= Frank O'Dea =

Canadian businessman

Francis O’Dea, OC (born 1945 in Montreal) is a Canadian entrepreneur, humanitarian and author. He left a lifestyle of homeless panhandling and in 1975 co-founded the Second Cup chain of coffee stores with Tom Culligan.

He is the chair of the Bauen Group of Companies and of CUSO International Cuso International.

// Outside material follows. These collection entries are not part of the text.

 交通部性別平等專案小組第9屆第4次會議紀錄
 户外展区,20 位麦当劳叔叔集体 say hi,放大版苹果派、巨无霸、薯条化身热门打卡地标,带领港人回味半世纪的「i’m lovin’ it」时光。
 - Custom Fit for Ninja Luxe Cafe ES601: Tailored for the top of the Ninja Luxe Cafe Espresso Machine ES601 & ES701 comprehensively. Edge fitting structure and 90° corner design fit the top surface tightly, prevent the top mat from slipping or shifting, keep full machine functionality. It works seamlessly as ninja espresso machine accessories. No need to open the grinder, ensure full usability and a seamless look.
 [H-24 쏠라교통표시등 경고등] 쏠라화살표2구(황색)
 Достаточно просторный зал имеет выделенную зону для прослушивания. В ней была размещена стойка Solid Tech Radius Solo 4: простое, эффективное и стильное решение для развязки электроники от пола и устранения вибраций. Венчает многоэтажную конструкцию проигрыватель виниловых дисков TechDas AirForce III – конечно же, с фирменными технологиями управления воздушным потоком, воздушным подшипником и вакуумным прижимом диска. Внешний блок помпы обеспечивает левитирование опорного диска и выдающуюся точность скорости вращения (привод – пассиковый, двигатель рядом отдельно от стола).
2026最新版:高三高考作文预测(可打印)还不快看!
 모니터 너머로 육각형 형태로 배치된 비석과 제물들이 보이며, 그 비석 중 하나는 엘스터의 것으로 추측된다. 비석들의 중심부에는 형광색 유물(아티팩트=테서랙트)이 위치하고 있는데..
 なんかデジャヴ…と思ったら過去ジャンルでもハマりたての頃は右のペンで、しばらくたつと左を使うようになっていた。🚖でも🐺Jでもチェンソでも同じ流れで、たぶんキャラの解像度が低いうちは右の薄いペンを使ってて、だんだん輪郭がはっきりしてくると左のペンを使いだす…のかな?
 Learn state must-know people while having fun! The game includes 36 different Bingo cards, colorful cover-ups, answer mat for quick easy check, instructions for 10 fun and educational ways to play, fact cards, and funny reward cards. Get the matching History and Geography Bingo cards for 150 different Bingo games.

He was involved with the founding of Proshred Holdings Ltd, an international document destruction service (1986), and Samaritan Air Service, a regional air ambulance service (1989).

O'Dea became founding president of Renascent Treatment Foundation, (1983), founded Street Kids International (1988), and the Canadian Landmine Foundation (1999)., he initiated the international charity, Night of a Thousand Dinners (2000), with Colin Powell, Sir Paul McCartney, and Kofi Annan, which resulted in 11,000 people sitting down to fundraising dinners in 29 countries all on the same night.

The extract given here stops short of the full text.